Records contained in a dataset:
****************************************

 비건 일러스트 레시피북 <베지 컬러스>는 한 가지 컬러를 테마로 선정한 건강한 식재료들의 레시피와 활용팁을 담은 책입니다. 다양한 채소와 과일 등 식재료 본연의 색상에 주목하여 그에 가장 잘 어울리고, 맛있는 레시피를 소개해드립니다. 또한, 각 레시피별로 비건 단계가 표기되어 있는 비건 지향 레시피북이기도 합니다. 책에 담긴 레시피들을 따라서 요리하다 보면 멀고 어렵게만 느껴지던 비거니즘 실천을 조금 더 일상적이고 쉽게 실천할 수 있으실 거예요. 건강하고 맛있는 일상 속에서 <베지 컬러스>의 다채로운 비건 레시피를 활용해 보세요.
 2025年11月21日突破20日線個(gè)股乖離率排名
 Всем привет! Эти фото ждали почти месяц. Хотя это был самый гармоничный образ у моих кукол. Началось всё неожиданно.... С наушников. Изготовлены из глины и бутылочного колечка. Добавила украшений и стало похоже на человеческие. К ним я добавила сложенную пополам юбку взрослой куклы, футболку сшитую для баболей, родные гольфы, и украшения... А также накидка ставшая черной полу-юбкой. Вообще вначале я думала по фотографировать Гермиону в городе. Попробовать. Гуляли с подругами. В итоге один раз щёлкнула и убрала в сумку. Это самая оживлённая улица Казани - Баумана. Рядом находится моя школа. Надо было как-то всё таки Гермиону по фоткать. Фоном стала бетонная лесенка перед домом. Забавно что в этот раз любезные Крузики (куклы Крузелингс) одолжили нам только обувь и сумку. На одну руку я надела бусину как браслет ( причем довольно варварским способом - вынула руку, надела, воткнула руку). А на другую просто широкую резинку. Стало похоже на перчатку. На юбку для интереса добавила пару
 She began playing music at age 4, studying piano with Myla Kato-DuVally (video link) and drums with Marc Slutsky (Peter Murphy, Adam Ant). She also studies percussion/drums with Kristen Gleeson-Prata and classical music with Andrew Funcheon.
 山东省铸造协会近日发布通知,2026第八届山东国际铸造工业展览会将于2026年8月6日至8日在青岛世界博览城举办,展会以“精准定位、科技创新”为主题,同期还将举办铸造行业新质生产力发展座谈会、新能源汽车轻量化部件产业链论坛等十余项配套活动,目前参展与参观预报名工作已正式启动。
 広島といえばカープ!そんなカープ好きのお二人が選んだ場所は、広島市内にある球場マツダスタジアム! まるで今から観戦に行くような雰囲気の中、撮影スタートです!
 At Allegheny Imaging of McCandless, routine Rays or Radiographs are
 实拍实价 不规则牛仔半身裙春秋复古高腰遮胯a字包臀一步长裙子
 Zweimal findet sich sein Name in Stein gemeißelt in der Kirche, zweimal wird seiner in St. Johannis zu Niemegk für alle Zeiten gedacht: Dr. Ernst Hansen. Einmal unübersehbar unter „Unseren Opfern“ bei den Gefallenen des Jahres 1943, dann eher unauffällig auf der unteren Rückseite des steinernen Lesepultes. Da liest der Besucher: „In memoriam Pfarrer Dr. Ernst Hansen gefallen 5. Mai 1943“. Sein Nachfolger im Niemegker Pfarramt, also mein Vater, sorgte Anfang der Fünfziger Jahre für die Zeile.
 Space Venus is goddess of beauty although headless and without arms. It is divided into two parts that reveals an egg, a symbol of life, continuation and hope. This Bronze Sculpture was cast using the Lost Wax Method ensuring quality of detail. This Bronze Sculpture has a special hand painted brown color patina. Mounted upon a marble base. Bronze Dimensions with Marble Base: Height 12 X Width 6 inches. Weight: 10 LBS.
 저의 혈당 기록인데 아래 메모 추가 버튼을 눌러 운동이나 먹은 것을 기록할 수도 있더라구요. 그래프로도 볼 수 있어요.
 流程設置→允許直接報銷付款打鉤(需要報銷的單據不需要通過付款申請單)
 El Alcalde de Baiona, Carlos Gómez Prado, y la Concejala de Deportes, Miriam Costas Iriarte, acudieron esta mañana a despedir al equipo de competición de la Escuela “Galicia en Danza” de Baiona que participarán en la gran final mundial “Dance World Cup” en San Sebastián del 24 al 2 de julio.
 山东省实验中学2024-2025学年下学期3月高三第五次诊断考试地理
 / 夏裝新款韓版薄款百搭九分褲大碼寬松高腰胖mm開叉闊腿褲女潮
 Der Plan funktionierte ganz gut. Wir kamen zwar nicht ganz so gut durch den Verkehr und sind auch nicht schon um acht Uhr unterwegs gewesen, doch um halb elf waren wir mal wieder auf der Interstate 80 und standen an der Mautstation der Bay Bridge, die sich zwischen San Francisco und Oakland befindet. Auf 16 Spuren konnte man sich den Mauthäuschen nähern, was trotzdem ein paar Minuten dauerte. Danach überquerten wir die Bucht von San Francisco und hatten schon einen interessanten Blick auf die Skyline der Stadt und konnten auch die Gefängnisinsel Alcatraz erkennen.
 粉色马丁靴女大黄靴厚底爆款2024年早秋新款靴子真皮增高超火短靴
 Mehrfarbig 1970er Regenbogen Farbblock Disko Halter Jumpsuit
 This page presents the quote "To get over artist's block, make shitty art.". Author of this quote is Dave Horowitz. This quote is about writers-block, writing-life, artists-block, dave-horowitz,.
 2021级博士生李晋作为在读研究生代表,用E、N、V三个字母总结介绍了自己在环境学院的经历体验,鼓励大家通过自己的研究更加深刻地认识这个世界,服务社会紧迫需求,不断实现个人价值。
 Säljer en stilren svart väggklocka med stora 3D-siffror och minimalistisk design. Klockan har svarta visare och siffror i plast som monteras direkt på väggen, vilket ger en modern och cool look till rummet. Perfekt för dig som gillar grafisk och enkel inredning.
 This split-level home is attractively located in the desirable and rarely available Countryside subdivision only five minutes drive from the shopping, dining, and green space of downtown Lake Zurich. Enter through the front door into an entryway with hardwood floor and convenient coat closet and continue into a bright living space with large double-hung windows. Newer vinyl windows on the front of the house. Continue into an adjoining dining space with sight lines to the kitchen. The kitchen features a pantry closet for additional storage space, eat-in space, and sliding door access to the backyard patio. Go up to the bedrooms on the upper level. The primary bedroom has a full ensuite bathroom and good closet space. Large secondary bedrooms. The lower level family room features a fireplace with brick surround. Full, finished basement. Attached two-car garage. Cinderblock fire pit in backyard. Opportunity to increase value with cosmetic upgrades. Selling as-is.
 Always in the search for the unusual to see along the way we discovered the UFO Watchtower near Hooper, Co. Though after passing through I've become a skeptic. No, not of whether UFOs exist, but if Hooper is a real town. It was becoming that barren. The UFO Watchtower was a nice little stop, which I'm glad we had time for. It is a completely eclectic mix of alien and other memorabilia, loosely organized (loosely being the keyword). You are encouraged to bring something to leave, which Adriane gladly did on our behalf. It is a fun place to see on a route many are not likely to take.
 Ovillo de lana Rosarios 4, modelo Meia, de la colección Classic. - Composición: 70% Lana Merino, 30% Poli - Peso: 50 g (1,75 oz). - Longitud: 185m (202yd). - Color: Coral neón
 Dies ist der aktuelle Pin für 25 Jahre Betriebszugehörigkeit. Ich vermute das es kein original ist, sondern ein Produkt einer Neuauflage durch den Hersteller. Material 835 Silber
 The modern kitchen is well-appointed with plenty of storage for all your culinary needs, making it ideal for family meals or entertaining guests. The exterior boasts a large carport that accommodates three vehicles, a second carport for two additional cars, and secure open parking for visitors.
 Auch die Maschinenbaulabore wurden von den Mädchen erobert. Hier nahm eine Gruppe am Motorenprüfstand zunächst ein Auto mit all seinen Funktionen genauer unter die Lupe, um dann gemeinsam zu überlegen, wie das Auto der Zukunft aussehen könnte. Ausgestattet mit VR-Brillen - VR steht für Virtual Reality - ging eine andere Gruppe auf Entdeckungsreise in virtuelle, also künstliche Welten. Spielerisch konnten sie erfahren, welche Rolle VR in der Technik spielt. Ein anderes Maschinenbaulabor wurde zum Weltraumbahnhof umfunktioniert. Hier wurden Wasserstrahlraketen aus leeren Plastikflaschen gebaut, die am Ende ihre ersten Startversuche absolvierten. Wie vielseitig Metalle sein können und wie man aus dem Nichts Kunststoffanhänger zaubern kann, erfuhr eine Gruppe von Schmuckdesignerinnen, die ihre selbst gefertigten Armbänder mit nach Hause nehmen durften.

****************************************

### What is required
Once you find the line with "At Allegheny Imaging" above, print it and every line after it up to and including the line with "Zweimal findet sich", exactly as written and nothing else.

### Completed task
 At Allegheny Imaging of McCandless, routine Rays or Radiographs are
 实拍实价 不规则牛仔半身裙春秋复古高腰遮胯a字包臀一步长裙子
 Zweimal findet sich sein Name in Stein gemeißelt in der Kirche, zweimal wird seiner in St. Johannis zu Niemegk für alle Zeiten gedacht: Dr. Ernst Hansen. Einmal unübersehbar unter „Unseren Opfern“ bei den Gefallenen des Jahres 1943, dann eher unauffällig auf der unteren Rückseite des steinernen Lesepultes. Da liest der Besucher: „In memoriam Pfarrer Dr. Ernst Hansen gefallen 5. Mai 1943“. Sein Nachfolger im Niemegker Pfarramt, also mein Vater, sorgte Anfang der Fünfziger Jahre für die Zeile.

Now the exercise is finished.